What the exercise asks:
Wherever a picture appears, skip it and retype the rest of the data exactly.

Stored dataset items
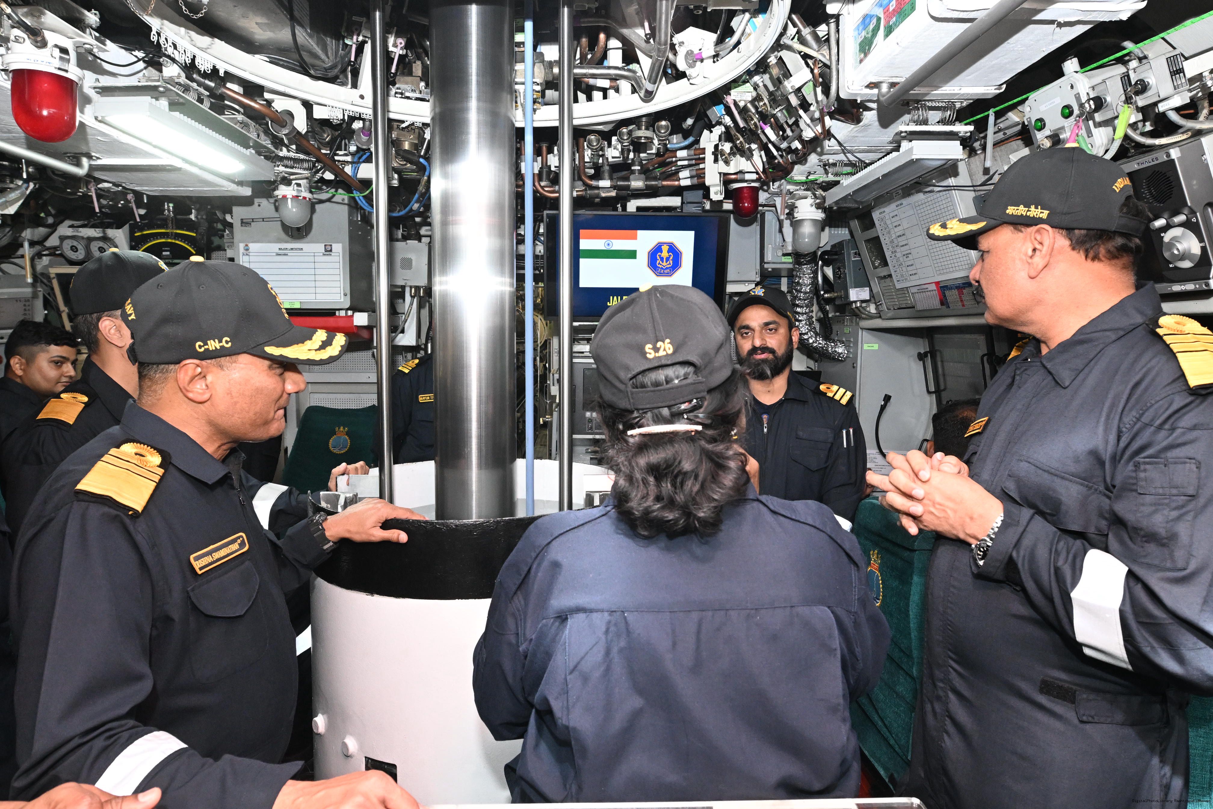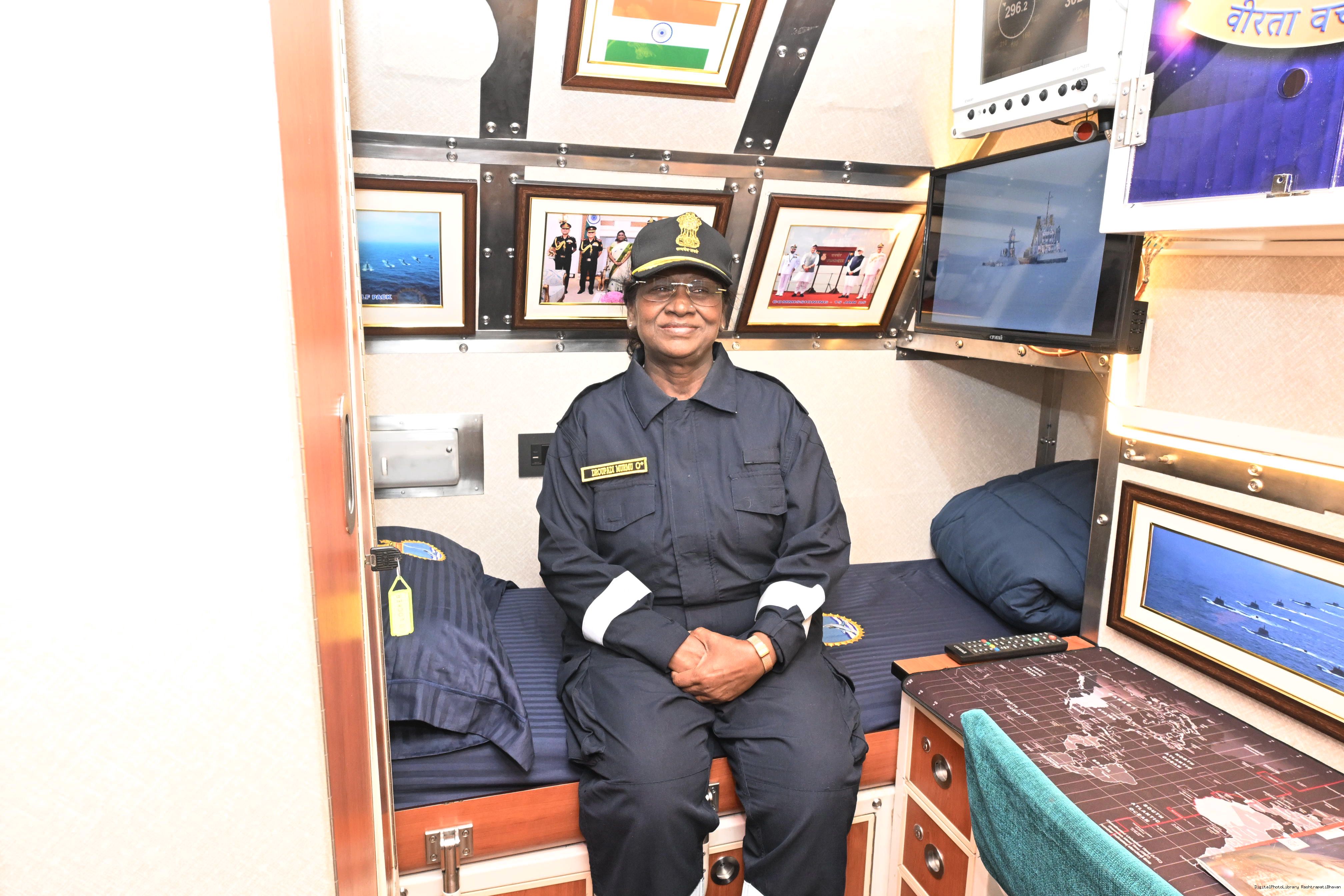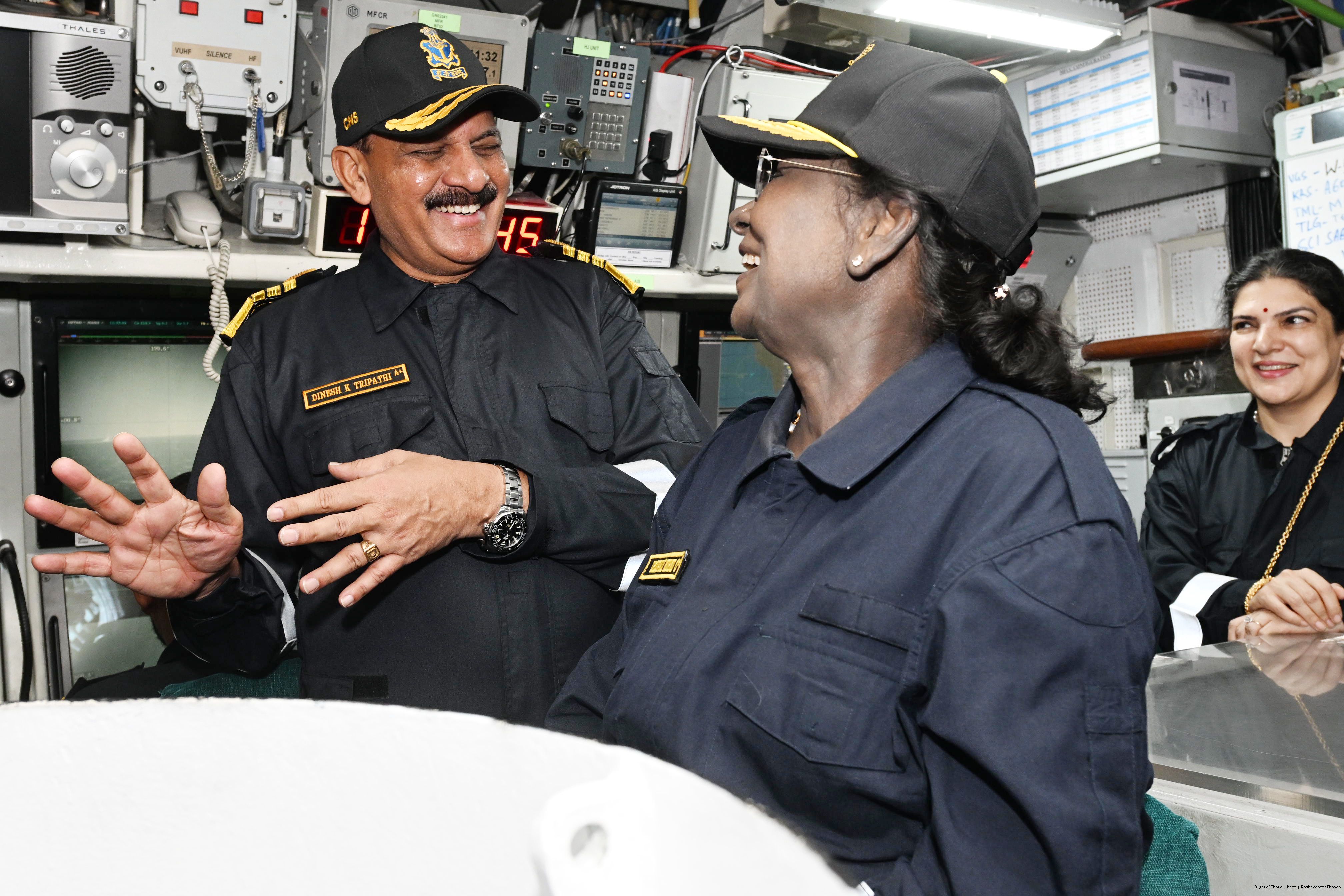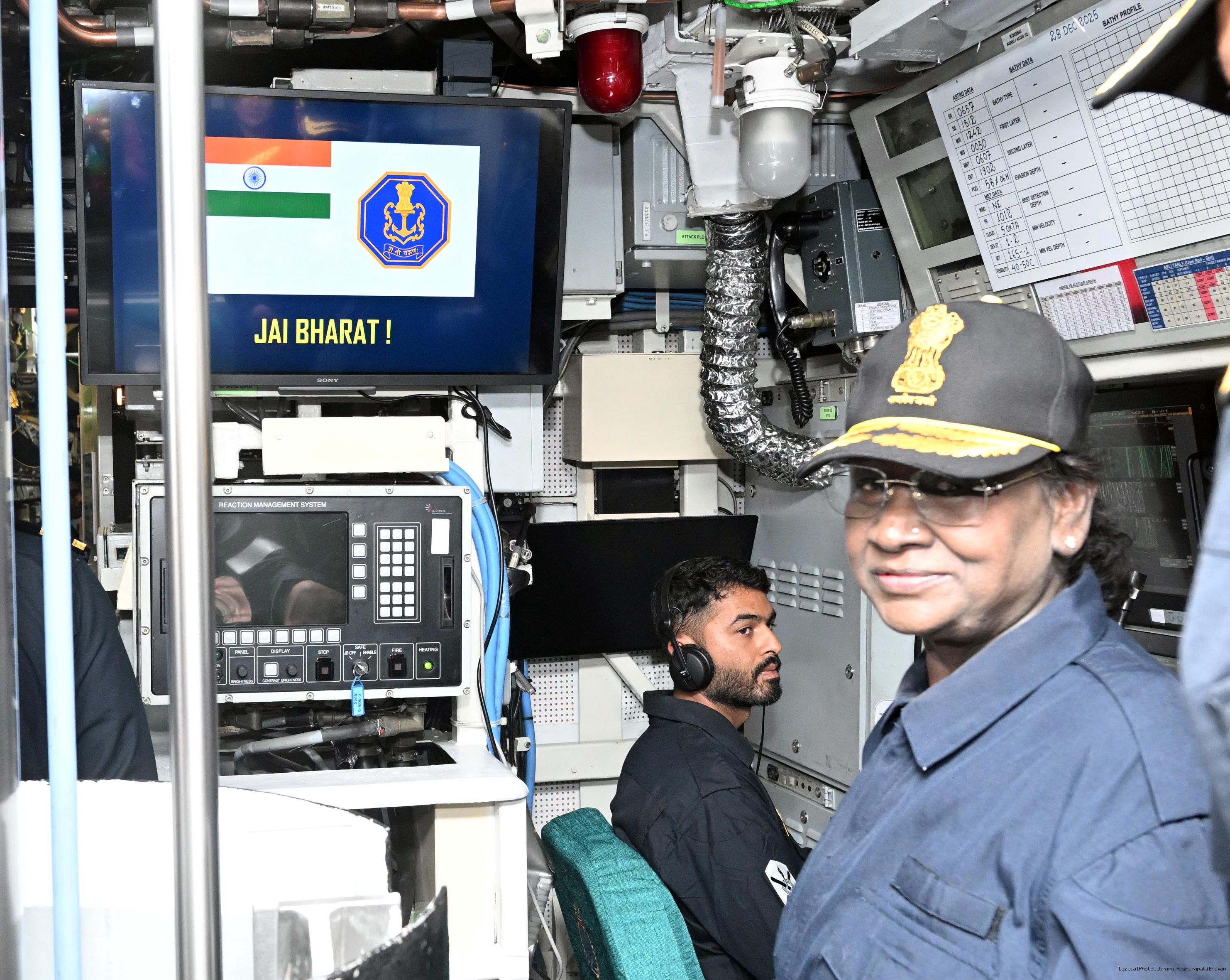 | Caption: | The President of India, Smt Droupadi Murmu undertook a dived sortie onboard Submarine – INS Vaghsheer on Western Seaboard at Karwar Naval Harbour, Karnataka on December 28, 2025. |
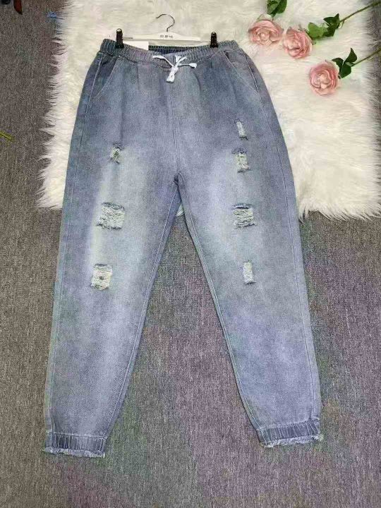 男士破洞牛仔裤2025新款宽松束脚百搭哈伦潮裤100件,...
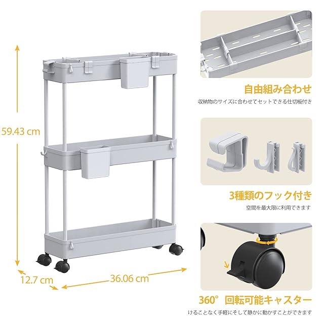 【どんな場面でも活躍】高級な材質は採用なので、高い安定性を誇ります。スリムボディーをして、部屋の隙間に自在に配置されています。トイレ収納、ベッドルーム、居間、子供部屋、キッチン、書店、美容室などの使用に最適して、収納力は抜群です。いろんなシーンで大活躍なキッチンワゴンです。
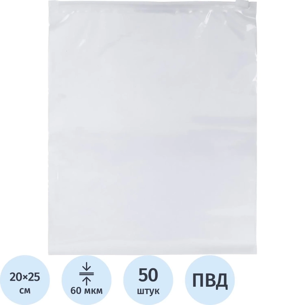 Пакет с замком слайдер EVA прозрачный 60 мкм 20х25, 50 шт/уп
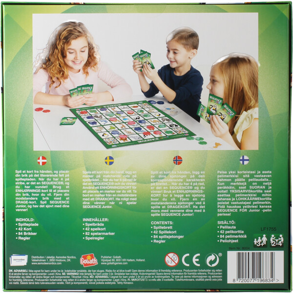 Sequence Junior är ett roligt och enkelt familjespel som är perfekt för yngre spelare att delta i. Spelet går ut på att placera markörer på spelplanen genom att matcha kort från handen. Målet är att vara den första spelaren som får 4 markörer i rad, antingen diagonalt, vertikalt eller horisontellt.I Sequence Junior finns det även speciella Enhörnings- och Drakkort som ger extra möjligheter och strategier i spelet. Enhörningskortet tillåter spelaren att placera en markör var som helst på spelplanen, medan Drakkortet tillåter spelaren att ta bort en markör från en motståndares rad.Spelet levereras med en tydlig regelbok på svenska, finska, norska och danska. Det är utformat för att vara enkelt att förstå och spela för barn från 3 år och uppåt. Sequence Junior kan spelas av 2-4 spelare, vilket gör det till en perfekt aktivitet för familjesammanhang och spelkvällar.Sequence Junior är ett underhållande spel som hjälper till att utveckla strategiskt tänkande och samarbetsförmåga hos yngre spelare. Det är en rolig och interaktiv aktivitet som hela familjen kan njuta av tillsammans.Regelspråk: Svenska, Finska, Norska och Danska.Antal spelare: 2-4.
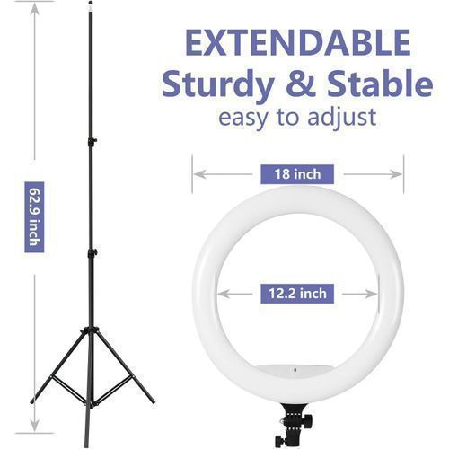 Ring Light Description - Adjustable Brightness Modes - Dimmable 18 inch ring lights with a wide dimming range from 1%-100% can provide you with perfect light and shadows to work, read or makeup. And 3 modes to meet all your needs of portraits, vlog, live streaming and selfie.

Exercise response:
 | Caption: | The President of India, Smt Droupadi Murmu undertook a dived sortie onboard Submarine – INS Vaghsheer on Western Seaboard at Karwar Naval Harbour, Karnataka on December 28, 2025. |
 男士破洞牛仔裤2025新款宽松束脚百搭哈伦潮裤100件,...
 【どんな場面でも活躍】高級な材質は採用なので、高い安定性を誇ります。スリムボディーをして、部屋の隙間に自在に配置されています。トイレ収納、ベッドルーム、居間、子供部屋、キッチン、書店、美容室などの使用に最適して、収納力は抜群です。いろんなシーンで大活躍なキッチンワゴンです。
 Пакет с замком слайдер EVA прозрачный 60 мкм 20х25, 50 шт/уп
 Sequence Junior är ett roligt och enkelt familjespel som är perfekt för yngre spelare att delta i. Spelet går ut på att placera markörer på spelplanen genom att matcha kort från handen. Målet är att vara den första spelaren som får 4 markörer i rad, antingen diagonalt, vertikalt eller horisontellt.I Sequence Junior finns det även speciella Enhörnings- och Drakkort som ger extra möjligheter och strategier i spelet. Enhörningskortet tillåter spelaren att placera en markör var som helst på spelplanen, medan Drakkortet tillåter spelaren att ta bort en markör från en motståndares rad.Spelet levereras med en tydlig regelbok på svenska, finska, norska och danska. Det är utformat för att vara enkelt att förstå och spela för barn från 3 år och uppåt. Sequence Junior kan spelas av 2-4 spelare, vilket gör det till en perfekt aktivitet för familjesammanhang och spelkvällar.Sequence Junior är ett underhållande spel som hjälper till att utveckla strategiskt tänkande och samarbetsförmåga hos yngre spelare. Det är en rolig och interaktiv aktivitet som hela familjen kan njuta av tillsammans.Regelspråk: Svenska, Finska, Norska och Danska.Antal spelare: 2-4.
 Ring Light Description - Adjustable Brightness Modes - Dimmable 18 inch ring lights with a wide dimming range from 1%-100% can provide you with perfect light and shadows to work, read or makeup. And 3 modes to meet all your needs of portraits, vlog, live streaming and selfie.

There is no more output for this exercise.